From the first line to the last, give the material again exactly, without the images.

GIVEN RECORDS section start

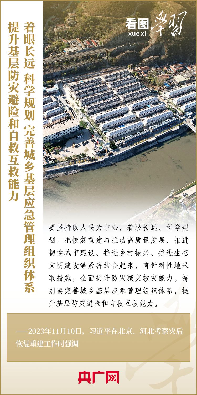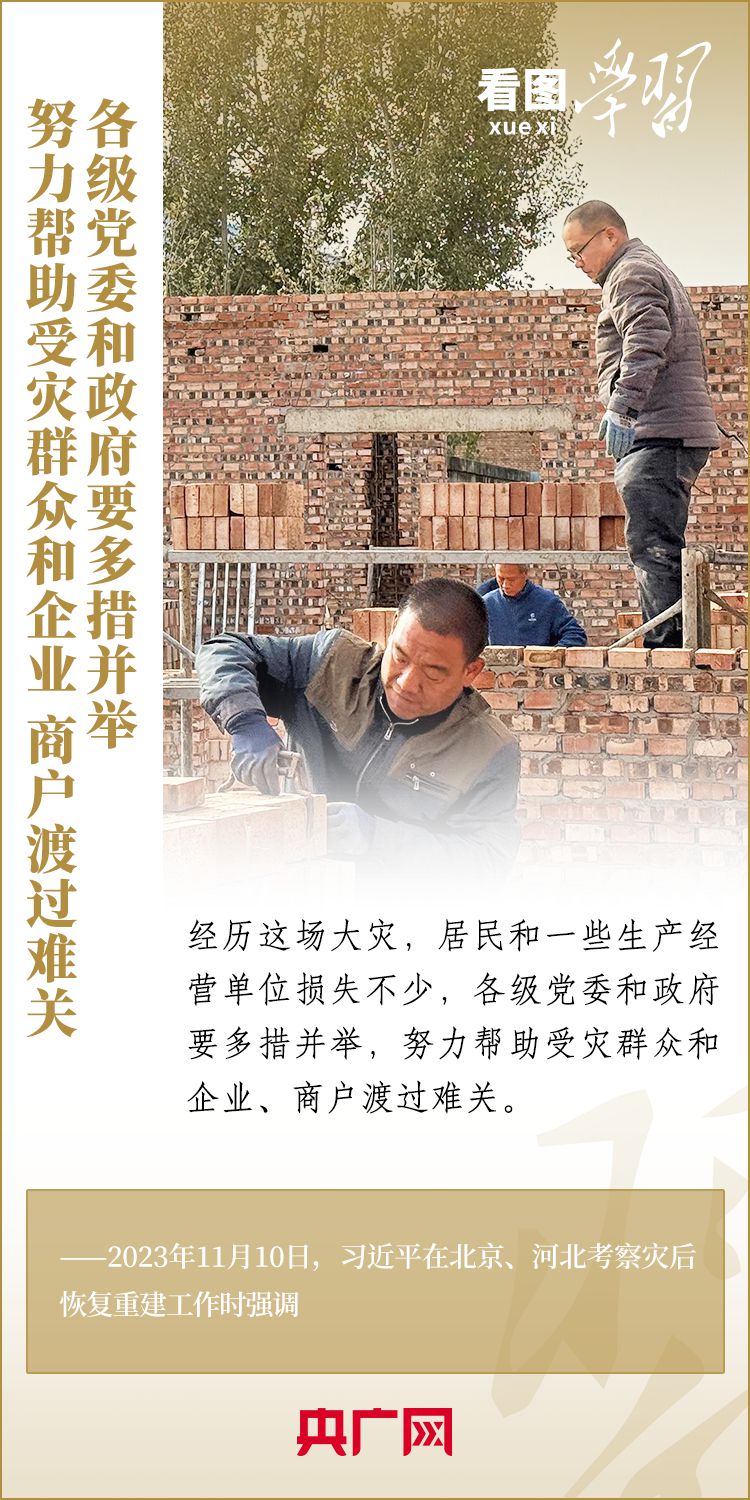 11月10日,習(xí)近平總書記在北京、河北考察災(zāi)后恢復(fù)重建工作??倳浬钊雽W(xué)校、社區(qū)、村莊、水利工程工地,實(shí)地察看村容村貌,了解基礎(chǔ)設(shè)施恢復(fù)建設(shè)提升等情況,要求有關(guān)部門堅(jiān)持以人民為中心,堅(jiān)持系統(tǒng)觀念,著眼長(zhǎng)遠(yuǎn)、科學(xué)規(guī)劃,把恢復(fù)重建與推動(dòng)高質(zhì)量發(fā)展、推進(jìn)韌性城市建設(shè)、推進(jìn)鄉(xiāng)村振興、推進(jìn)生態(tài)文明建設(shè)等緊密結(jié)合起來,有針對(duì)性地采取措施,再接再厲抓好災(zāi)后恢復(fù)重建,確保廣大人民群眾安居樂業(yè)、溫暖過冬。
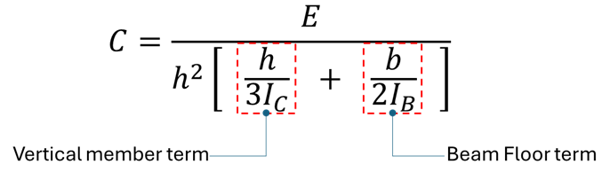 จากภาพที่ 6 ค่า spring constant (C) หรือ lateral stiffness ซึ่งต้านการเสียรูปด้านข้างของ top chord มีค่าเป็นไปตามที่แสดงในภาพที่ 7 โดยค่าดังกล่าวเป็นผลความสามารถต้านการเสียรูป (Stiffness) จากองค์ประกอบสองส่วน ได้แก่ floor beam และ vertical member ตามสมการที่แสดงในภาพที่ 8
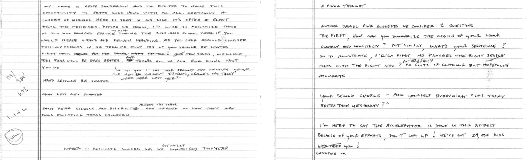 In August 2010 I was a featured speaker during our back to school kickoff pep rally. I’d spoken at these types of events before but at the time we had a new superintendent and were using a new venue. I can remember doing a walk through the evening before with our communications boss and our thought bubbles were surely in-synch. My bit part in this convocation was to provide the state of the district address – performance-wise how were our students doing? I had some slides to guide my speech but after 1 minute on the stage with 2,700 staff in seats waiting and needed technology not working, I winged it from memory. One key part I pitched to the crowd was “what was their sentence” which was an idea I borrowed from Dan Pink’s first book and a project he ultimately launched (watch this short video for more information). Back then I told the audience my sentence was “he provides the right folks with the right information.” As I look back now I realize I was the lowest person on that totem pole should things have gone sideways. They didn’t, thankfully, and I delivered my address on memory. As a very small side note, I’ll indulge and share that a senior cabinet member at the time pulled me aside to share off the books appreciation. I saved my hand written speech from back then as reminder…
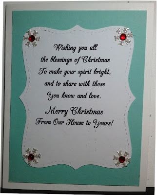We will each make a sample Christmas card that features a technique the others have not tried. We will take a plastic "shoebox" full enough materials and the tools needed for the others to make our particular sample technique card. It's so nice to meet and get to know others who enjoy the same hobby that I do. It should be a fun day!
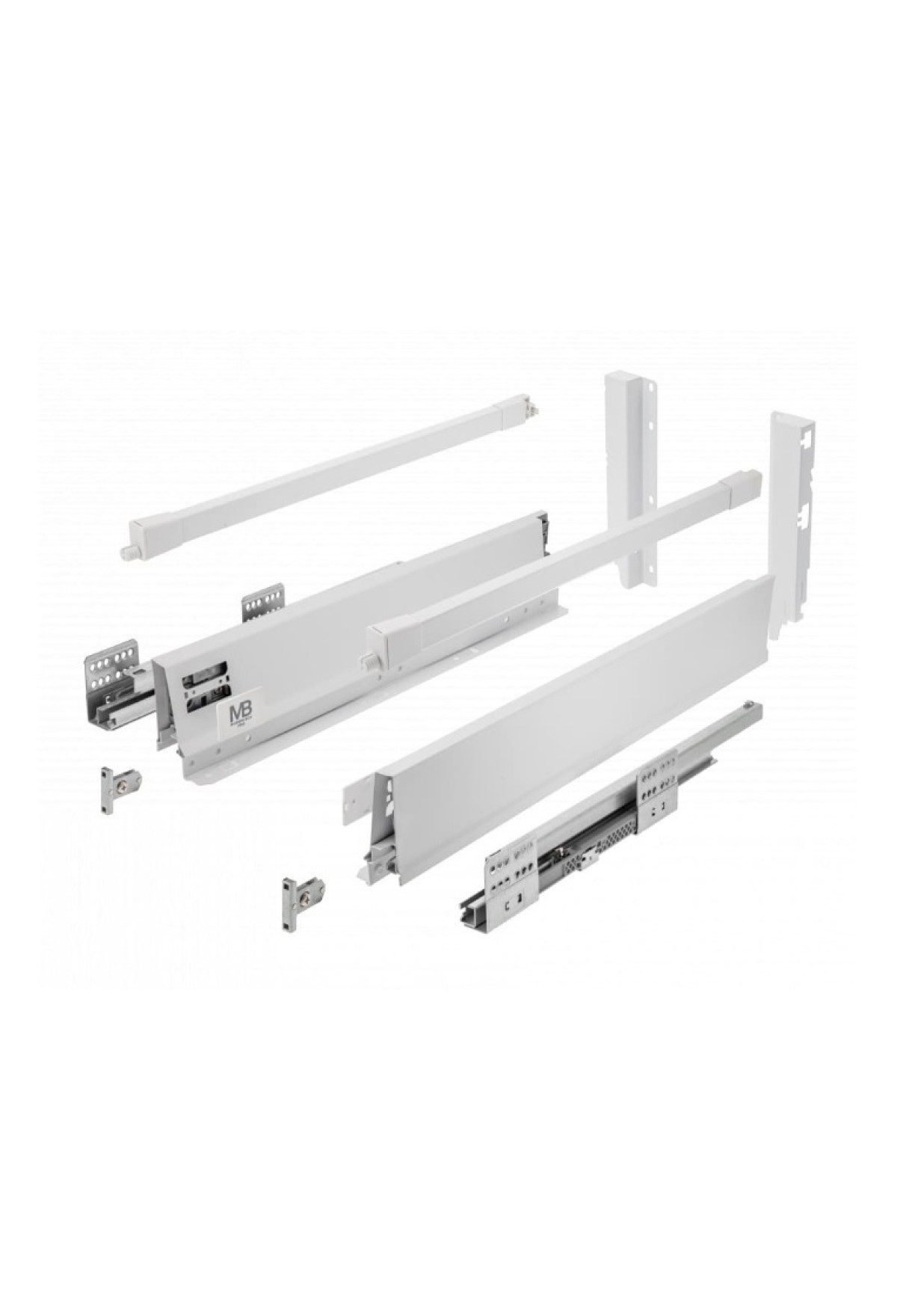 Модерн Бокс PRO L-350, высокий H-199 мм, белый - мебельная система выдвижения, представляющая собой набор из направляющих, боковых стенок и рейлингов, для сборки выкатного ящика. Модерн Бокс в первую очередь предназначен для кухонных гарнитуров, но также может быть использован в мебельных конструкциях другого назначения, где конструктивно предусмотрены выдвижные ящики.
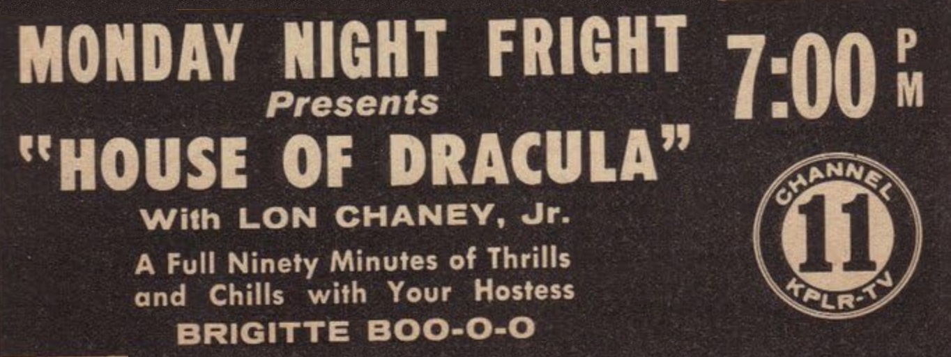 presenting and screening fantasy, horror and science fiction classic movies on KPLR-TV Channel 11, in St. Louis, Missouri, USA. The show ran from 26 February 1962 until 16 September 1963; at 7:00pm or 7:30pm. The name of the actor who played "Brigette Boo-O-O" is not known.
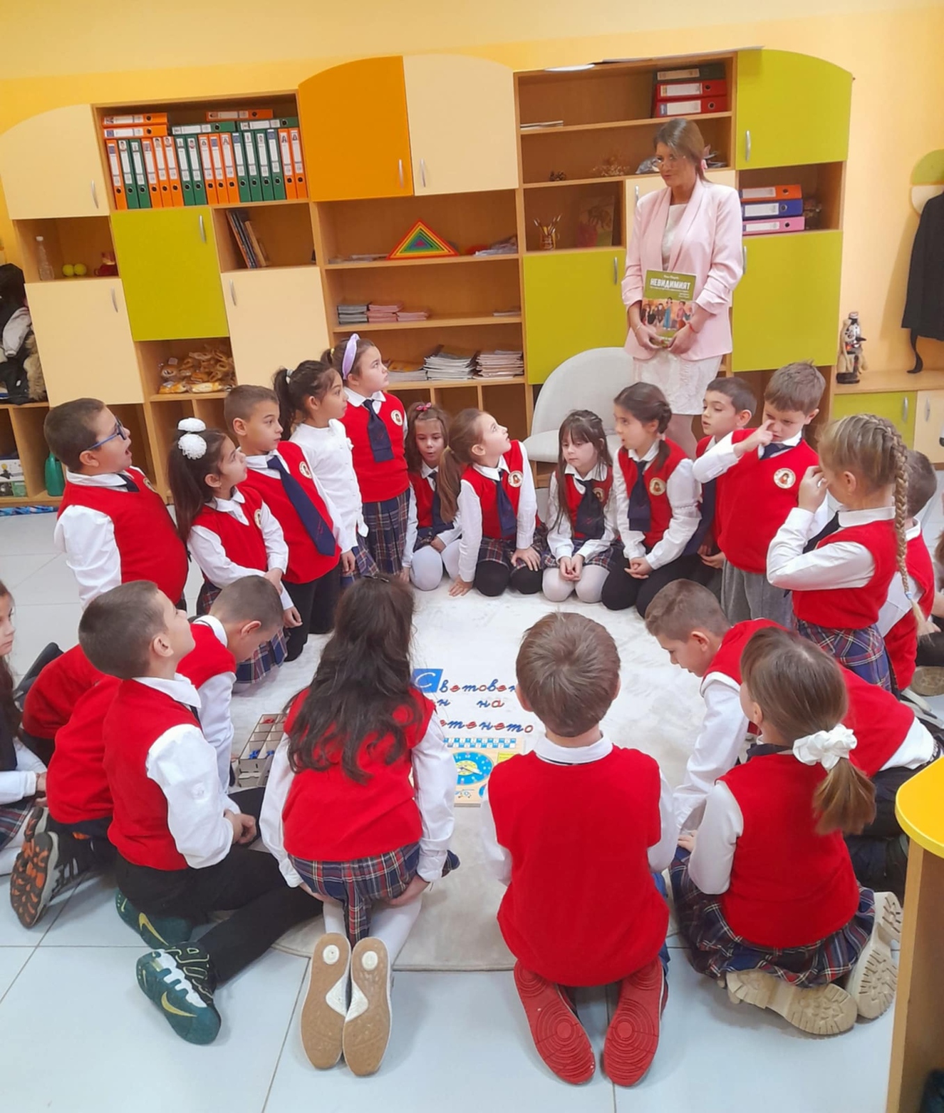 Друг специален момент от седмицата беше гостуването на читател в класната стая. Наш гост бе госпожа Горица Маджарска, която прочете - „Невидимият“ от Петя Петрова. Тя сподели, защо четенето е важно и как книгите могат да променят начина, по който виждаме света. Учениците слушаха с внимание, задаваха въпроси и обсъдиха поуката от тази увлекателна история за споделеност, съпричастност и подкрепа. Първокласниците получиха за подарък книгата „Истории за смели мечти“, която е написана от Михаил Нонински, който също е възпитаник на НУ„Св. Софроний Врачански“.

GIVEN RECORDS section end

- **ANSWER SECTION**
 11月10日,習(xí)近平總書記在北京、河北考察災(zāi)后恢復(fù)重建工作??倳浬钊雽W(xué)校、社區(qū)、村莊、水利工程工地,實(shí)地察看村容村貌,了解基礎(chǔ)設(shè)施恢復(fù)建設(shè)提升等情況,要求有關(guān)部門堅(jiān)持以人民為中心,堅(jiān)持系統(tǒng)觀念,著眼長(zhǎng)遠(yuǎn)、科學(xué)規(guī)劃,把恢復(fù)重建與推動(dòng)高質(zhì)量發(fā)展、推進(jìn)韌性城市建設(shè)、推進(jìn)鄉(xiāng)村振興、推進(jìn)生態(tài)文明建設(shè)等緊密結(jié)合起來,有針對(duì)性地采取措施,再接再厲抓好災(zāi)后恢復(fù)重建,確保廣大人民群眾安居樂業(yè)、溫暖過冬。
 จากภาพที่ 6 ค่า spring constant (C) หรือ lateral stiffness ซึ่งต้านการเสียรูปด้านข้างของ top chord มีค่าเป็นไปตามที่แสดงในภาพที่ 7 โดยค่าดังกล่าวเป็นผลความสามารถต้านการเสียรูป (Stiffness) จากองค์ประกอบสองส่วน ได้แก่ floor beam และ vertical member ตามสมการที่แสดงในภาพที่ 8
 In August 2010 I was a featured speaker during our back to school kickoff pep rally. I’d spoken at these types of events before but at the time we had a new superintendent and were using a new venue. I can remember doing a walk through the evening before with our communications boss and our thought bubbles were surely in-synch. My bit part in this convocation was to provide the state of the district address – performance-wise how were our students doing? I had some slides to guide my speech but after 1 minute on the stage with 2,700 staff in seats waiting and needed technology not working, I winged it from memory. One key part I pitched to the crowd was “what was their sentence” which was an idea I borrowed from Dan Pink’s first book and a project he ultimately launched (watch this short video for more information). Back then I told the audience my sentence was “he provides the right folks with the right information.” As I look back now I realize I was the lowest person on that totem pole should things have gone sideways. They didn’t, thankfully, and I delivered my address on memory. As a very small side note, I’ll indulge and share that a senior cabinet member at the time pulled me aside to share off the books appreciation. I saved my hand written speech from back then as reminder…
We will each make a sample Christmas card that features a technique the others have not tried. We will take a plastic "shoebox" full enough materials and the tools needed for the others to make our particular sample technique card. It's so nice to meet and get to know others who enjoy the same hobby that I do. It should be a fun day!
 Модерн Бокс PRO L-350, высокий H-199 мм, белый - мебельная система выдвижения, представляющая собой набор из направляющих, боковых стенок и рейлингов, для сборки выкатного ящика. Модерн Бокс в первую очередь предназначен для кухонных гарнитуров, но также может быть использован в мебельных конструкциях другого назначения, где конструктивно предусмотрены выдвижные ящики.
 presenting and screening fantasy, horror and science fiction classic movies on KPLR-TV Channel 11, in St. Louis, Missouri, USA. The show ran from 26 February 1962 until 16 September 1963; at 7:00pm or 7:30pm. The name of the actor who played "Brigette Boo-O-O" is not known.
 Друг специален момент от седмицата беше гостуването на читател в класната стая. Наш гост бе госпожа Горица Маджарска, която прочете - „Невидимият“ от Петя Петрова. Тя сподели, защо четенето е важно и как книгите могат да променят начина, по който виждаме света. Учениците слушаха с внимание, задаваха въпроси и обсъдиха поуката от тази увлекателна история за споделеност, съпричастност и подкрепа. Първокласниците получиха за подарък книгата „Истории за смели мечти“, която е написана от Михаил Нонински, който също е възпитаник на НУ„Св. Софроний Врачански“.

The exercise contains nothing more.